→ Data for review:
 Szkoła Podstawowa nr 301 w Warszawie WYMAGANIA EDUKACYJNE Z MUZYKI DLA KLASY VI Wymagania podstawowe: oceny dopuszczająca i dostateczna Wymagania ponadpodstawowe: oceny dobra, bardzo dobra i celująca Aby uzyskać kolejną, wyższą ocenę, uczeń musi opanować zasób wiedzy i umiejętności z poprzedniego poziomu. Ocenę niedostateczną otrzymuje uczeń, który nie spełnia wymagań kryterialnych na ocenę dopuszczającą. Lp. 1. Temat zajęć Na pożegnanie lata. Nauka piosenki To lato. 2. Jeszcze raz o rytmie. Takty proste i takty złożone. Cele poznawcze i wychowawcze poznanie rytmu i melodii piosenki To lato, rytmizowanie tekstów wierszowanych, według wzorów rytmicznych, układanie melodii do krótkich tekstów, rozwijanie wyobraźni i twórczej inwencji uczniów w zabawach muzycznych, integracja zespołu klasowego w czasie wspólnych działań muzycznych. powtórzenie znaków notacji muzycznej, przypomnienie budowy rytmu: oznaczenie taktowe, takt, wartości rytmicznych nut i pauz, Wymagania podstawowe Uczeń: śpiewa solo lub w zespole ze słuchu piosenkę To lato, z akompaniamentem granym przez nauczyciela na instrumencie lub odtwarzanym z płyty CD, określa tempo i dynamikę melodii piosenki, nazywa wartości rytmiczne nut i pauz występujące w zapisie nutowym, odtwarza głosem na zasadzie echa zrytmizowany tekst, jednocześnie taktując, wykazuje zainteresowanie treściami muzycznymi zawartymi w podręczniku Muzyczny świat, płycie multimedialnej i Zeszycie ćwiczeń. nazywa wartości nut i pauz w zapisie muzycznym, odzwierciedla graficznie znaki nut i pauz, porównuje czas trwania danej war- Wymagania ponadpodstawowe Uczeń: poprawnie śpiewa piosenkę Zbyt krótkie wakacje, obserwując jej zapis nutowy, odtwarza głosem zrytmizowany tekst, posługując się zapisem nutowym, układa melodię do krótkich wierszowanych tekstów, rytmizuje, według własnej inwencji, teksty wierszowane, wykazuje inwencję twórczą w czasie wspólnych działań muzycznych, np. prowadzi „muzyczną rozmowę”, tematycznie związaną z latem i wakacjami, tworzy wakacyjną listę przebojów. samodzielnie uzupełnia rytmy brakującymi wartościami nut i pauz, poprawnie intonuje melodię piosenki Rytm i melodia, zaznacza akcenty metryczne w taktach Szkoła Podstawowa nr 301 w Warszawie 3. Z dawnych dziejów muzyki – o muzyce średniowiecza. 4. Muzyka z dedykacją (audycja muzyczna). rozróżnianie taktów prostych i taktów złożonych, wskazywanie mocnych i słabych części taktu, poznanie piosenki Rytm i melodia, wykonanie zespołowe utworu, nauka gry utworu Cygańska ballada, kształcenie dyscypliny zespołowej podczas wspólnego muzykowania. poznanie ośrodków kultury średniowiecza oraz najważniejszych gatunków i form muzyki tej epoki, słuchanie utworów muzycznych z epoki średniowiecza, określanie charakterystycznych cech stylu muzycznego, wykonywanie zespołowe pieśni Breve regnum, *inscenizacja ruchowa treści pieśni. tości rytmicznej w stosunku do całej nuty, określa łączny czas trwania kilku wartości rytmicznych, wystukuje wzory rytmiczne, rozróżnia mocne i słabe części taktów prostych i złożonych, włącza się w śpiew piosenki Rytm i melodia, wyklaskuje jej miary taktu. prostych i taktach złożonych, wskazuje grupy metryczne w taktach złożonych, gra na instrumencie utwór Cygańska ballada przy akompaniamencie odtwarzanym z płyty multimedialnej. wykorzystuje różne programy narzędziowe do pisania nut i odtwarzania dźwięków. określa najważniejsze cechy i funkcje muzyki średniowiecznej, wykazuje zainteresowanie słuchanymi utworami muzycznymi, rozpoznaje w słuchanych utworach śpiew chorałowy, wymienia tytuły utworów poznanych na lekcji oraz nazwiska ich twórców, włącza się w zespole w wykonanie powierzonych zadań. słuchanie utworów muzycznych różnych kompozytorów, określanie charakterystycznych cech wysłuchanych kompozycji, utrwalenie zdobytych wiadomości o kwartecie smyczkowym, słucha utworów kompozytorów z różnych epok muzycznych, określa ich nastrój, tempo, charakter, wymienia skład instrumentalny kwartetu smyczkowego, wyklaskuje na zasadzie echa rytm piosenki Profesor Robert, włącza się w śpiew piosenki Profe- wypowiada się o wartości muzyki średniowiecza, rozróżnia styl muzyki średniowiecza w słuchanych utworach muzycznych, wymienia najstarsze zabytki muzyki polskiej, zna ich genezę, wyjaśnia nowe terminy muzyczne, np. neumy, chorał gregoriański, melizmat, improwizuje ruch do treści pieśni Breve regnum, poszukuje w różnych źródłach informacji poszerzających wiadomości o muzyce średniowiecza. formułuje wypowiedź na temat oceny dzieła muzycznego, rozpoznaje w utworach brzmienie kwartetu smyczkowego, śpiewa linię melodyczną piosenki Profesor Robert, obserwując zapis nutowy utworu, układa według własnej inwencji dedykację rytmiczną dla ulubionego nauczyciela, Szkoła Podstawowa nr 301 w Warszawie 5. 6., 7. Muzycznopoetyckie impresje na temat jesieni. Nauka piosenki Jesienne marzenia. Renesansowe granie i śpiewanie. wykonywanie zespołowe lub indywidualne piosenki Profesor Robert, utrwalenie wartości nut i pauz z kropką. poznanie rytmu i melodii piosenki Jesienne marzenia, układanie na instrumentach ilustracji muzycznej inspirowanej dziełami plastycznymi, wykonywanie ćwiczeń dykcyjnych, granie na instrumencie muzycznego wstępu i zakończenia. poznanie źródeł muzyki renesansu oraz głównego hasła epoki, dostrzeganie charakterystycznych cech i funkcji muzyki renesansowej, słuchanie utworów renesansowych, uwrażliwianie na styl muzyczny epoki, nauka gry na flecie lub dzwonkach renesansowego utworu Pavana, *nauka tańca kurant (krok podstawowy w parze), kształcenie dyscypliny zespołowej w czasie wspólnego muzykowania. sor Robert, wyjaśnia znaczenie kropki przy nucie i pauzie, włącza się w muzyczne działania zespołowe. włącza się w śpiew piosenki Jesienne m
==
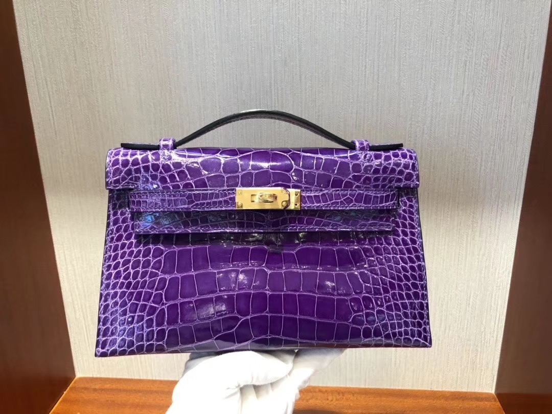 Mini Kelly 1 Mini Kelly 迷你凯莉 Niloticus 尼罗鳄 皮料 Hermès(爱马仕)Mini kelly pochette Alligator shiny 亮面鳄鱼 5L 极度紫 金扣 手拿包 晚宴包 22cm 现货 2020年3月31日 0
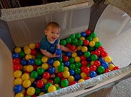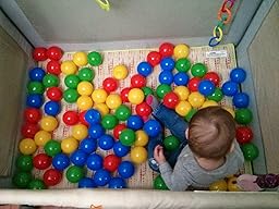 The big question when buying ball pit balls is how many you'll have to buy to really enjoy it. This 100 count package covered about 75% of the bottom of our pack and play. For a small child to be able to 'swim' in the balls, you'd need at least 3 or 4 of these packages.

→ Prompt: Exactly reproduce the lines above, starting at the one that contains "Mini Kelly 1" and ending at the one that contains "The big question", both inclusive; leave the pictures out and add no other lines.

→ Output for this task:
 Mini Kelly 1 Mini Kelly 迷你凯莉 Niloticus 尼罗鳄 皮料 Hermès(爱马仕)Mini kelly pochette Alligator shiny 亮面鳄鱼 5L 极度紫 金扣 手拿包 晚宴包 22cm 现货 2020年3月31日 0
 The big question when buying ball pit balls is how many you'll have to buy to really enjoy it. This 100 count package covered about 75% of the bottom of our pack and play. For a small child to be able to 'swim' in the balls, you'd need at least 3 or 4 of these packages.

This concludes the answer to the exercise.